→ AVAILABLE DATA
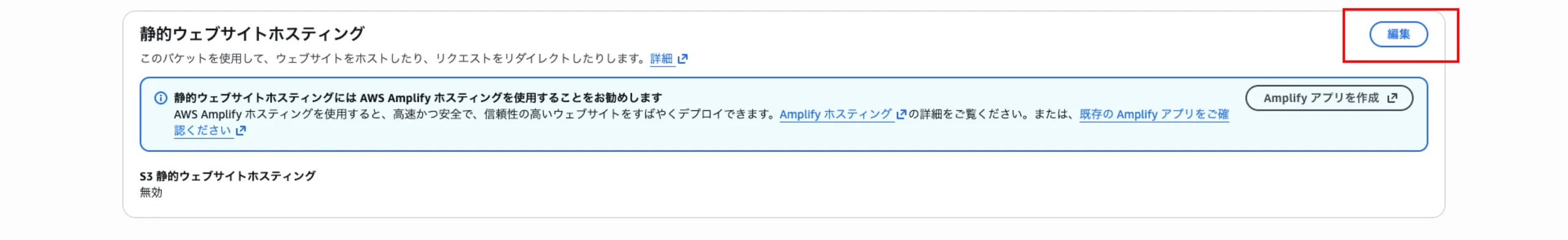 プロパティ項目の一番下「静的ウェブサイトホスティング」の編集をクリック。
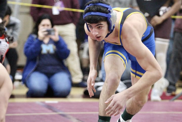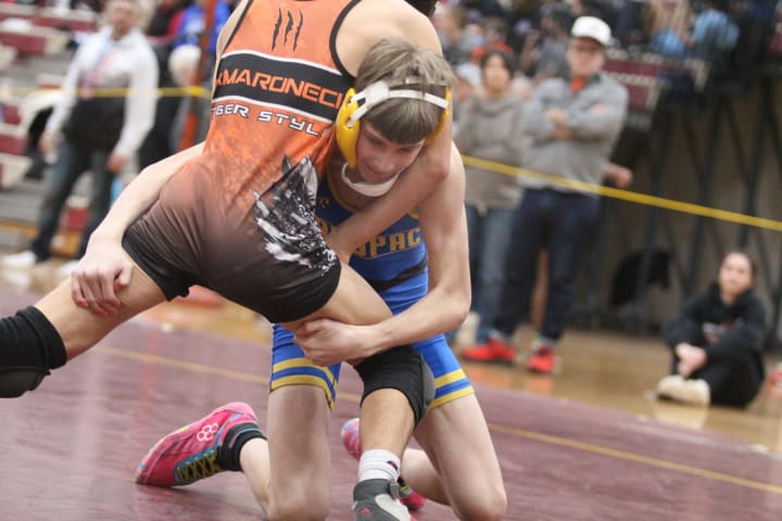 Up 17-0, Mahopac finally faltered at 138. Emmanuel Perez lost a 6-2 decision to Dom Bronzi, but Perez was soon picked up. Nico Greco went full tilt at 145 and used a half to dispatch Jason Hansen only 56 seconds into the first.
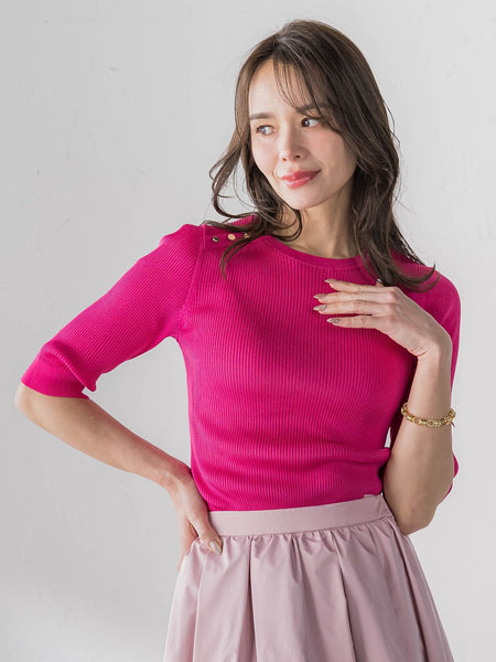 【デザインの特徴】上品な素材感が魅力的なリブプルオーバー。心地よい着用感のリブ組織で編み立て、肩のメタルボタンデザインがポイントです。一枚でも華やかですが、同素材のカーディガンとアンサンブルとして着用するのもおすすめです。【素材の特徴】ソフトで軽く、清涼感と光沢が綺麗な糸で編み上げました。ストレッチ性と極上の肌触りが魅力的な素材です。----------------------------------------------------------------洗濯方法家庭洗濯:液温は30℃を限度とし、手洗いができる。自然乾燥:日陰の平干しがよい。アイロン:底面温度120℃を限度としてアイロン仕上げができる。ドライクリーニング:石油系溶剤による弱いドライクリーニングができる。----------------------------------------------------------------■モデル身長 169cm/着用サイズ M※画像の商品はサンプルとなりますので実際の商品と仕様、加工、サイズが若干異なる場合がございます。※お客様のモニター環境により実際のお色と多少異なる場合がございます。※撮影状況や光の当たり具合により、色合いが異なって見える場合がございます。※商品タグに記載されたサイズはヌードサイズです。実際の商品のサイズは商品情報の実寸をご確認ください。関連ワード:Viaggio Blu ビアッジョブルー レディース 新作 大人カジュアル 大人コーデ レディース キレイめ フェミニン エレガント 華やか 上品 秋 秋服 2025AW AW 2025秋冬

→ ASSIGNMENT
Repeat the listing above exactly, with no pictures.

→ EXERCISE OUTPUT
 プロパティ項目の一番下「静的ウェブサイトホスティング」の編集をクリック。
 Up 17-0, Mahopac finally faltered at 138. Emmanuel Perez lost a 6-2 decision to Dom Bronzi, but Perez was soon picked up. Nico Greco went full tilt at 145 and used a half to dispatch Jason Hansen only 56 seconds into the first.
 【デザインの特徴】上品な素材感が魅力的なリブプルオーバー。心地よい着用感のリブ組織で編み立て、肩のメタルボタンデザインがポイントです。一枚でも華やかですが、同素材のカーディガンとアンサンブルとして着用するのもおすすめです。【素材の特徴】ソフトで軽く、清涼感と光沢が綺麗な糸で編み上げました。ストレッチ性と極上の肌触りが魅力的な素材です。----------------------------------------------------------------洗濯方法家庭洗濯:液温は30℃を限度とし、手洗いができる。自然乾燥:日陰の平干しがよい。アイロン:底面温度120℃を限度としてアイロン仕上げができる。ドライクリーニング:石油系溶剤による弱いドライクリーニングができる。----------------------------------------------------------------■モデル身長 169cm/着用サイズ M※画像の商品はサンプルとなりますので実際の商品と仕様、加工、サイズが若干異なる場合がございます。※お客様のモニター環境により実際のお色と多少異なる場合がございます。※撮影状況や光の当たり具合により、色合いが異なって見える場合がございます。※商品タグに記載されたサイズはヌードサイズです。実際の商品のサイズは商品情報の実寸をご確認ください。関連ワード:Viaggio Blu ビアッジョブルー レディース 新作 大人カジュアル 大人コーデ レディース キレイめ フェミニン エレガント 華やか 上品 秋 秋服 2025AW AW 2025秋冬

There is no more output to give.